Kubernetes Nodes / Kubelets
Nodes are machines that run containers. Each node contains a primary node agent called Kubelet. It is the important component of Kubernetes architecture that drives the container execution layer. They are managed by the control plane and connect various apps with infrastructure resources such as storage, compute, and network components. Here are the basic components of nodes:
a) Container Runtime Engine: It manages the container lifecycle running on node machines and supports runtime engines such as Docker, rkt, and CRI-O that are compliant with Open Container Initiative.

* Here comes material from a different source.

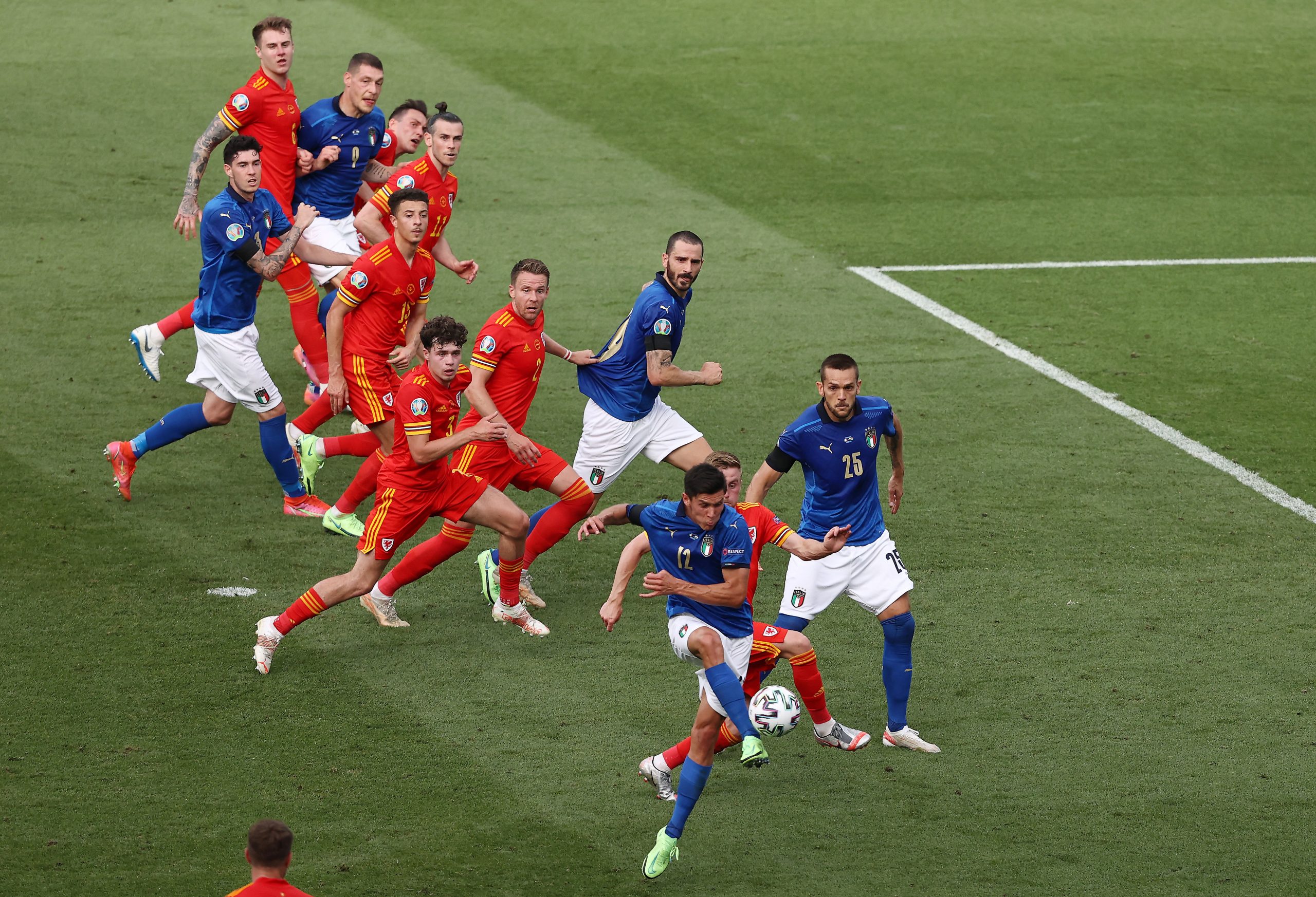 LA PARTITA - L'Italia parte subito forte nel primo tempo e prova a creare alcune occasioni per portarsi in vantaggio fin dai primi minuti. Tra le varie occasioni azzurre al 24' ne capita una sui piedi di Belotti che da posizione defilata non è riuscito a centrare lo specchio della porta. Sembra un primo tempo destinato a chiudersi sullo 0-0 quando al 39' Verratti batte una punizione e mette in mezzo un bel pallone che Pessina devia in rete dopo un ottimo inserimento e mandando la palla a fil di palo. Nella ripresa poi l'Italia cerca di trovare il gol del raddoppio senza riuscirci ma comunque disputa una grande prova dato che non ha concesso praticamente nulla al Galles. Al 60' viene espulso il difensore gallese Ampadu che cercando di recuperare il pallone colpisce Bernardeschi sulla caviglia con il piede a martello.

b) Pods: A Kubernetes pod is the most basic and smallest deployable object on a node, containing one or more containers. It represents a single instance of running processes within a cluster. It provides shared storage and network resources for containers. Pods are not self-healing, which means they get deleted when the node is terminated.
c) Kubelet Service: It is the agent that manages how pods should run in a cluster based on pod specifications instructed by the control plane via the API server and ensures all containers are healthy and available.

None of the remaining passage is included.